- [DATASET SECTION]:
------
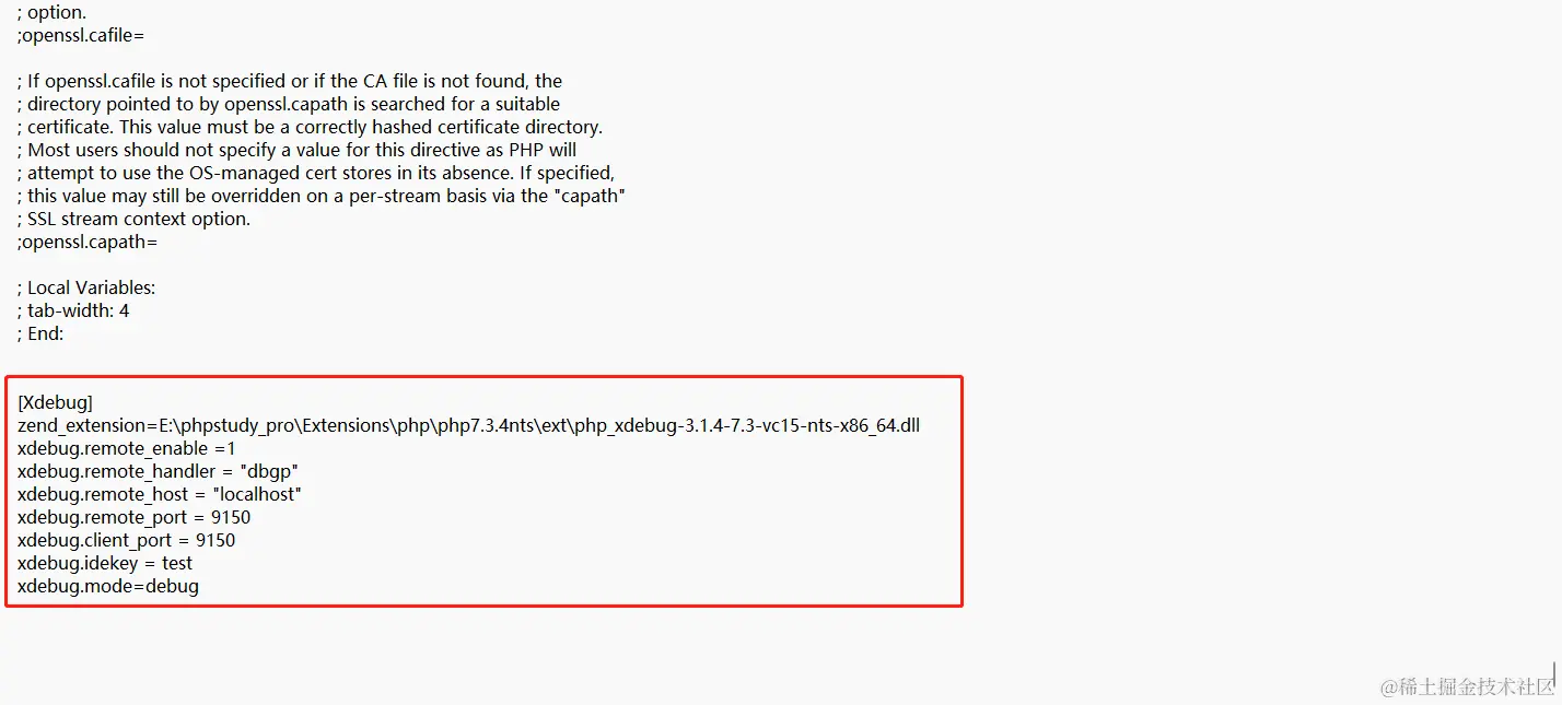 - 打开 php.ini 文件,在最下方增加 xdebug 扩展配置
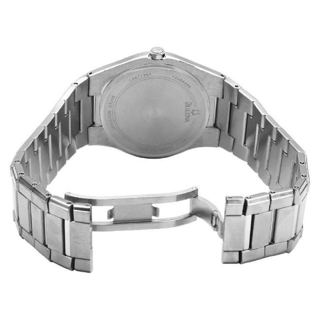 Dress watch, Three-hand Japanese quartz movement displaying polished gunmetal hour and minute hands with luminous accents and polished sweep seconds, 8 genuine diamond hour markers, Applied and polished gunmetal 'Bulova' logo at 12, Polished gunmetal hour-batons with luminescent fill mark quarter hours, White indices mark outer minute track, Analog date display at 3, Brushed and polished silver-tone stainless steel integrated case with octagon-shaped crown, Stainless steel caseback, Water resistant
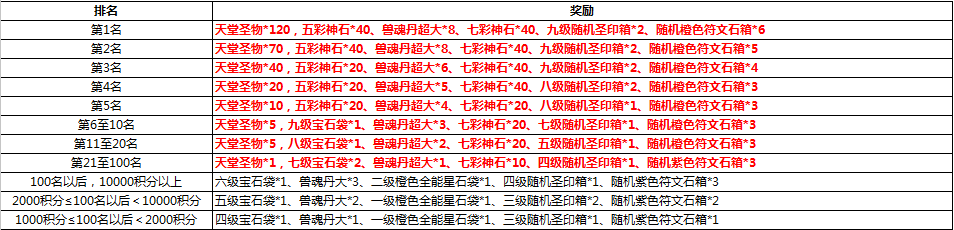 美酒节期间,排行在1~10名之间的玩家,可领取:五彩神石*4,七彩神石*8,天堂圣物箱*20
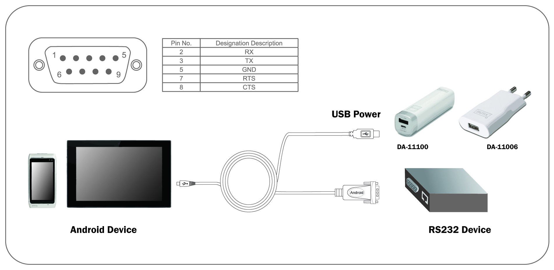 Abbildung1: Das Digitus Android zu RS232-Kabel Komfortable Wartung von Maschinen und Systemen
------
- [TASK REQUIREMENTS]: Restate each line of the material word for word, skipping any picture.

- [YOUR SOLUTION]:
 - 打开 php.ini 文件,在最下方增加 xdebug 扩展配置
 Dress watch, Three-hand Japanese quartz movement displaying polished gunmetal hour and minute hands with luminous accents and polished sweep seconds, 8 genuine diamond hour markers, Applied and polished gunmetal 'Bulova' logo at 12, Polished gunmetal hour-batons with luminescent fill mark quarter hours, White indices mark outer minute track, Analog date display at 3, Brushed and polished silver-tone stainless steel integrated case with octagon-shaped crown, Stainless steel caseback, Water resistant
 美酒节期间,排行在1~10名之间的玩家,可领取:五彩神石*4,七彩神石*8,天堂圣物箱*20
 Abbildung1: Das Digitus Android zu RS232-Kabel Komfortable Wartung von Maschinen und Systemen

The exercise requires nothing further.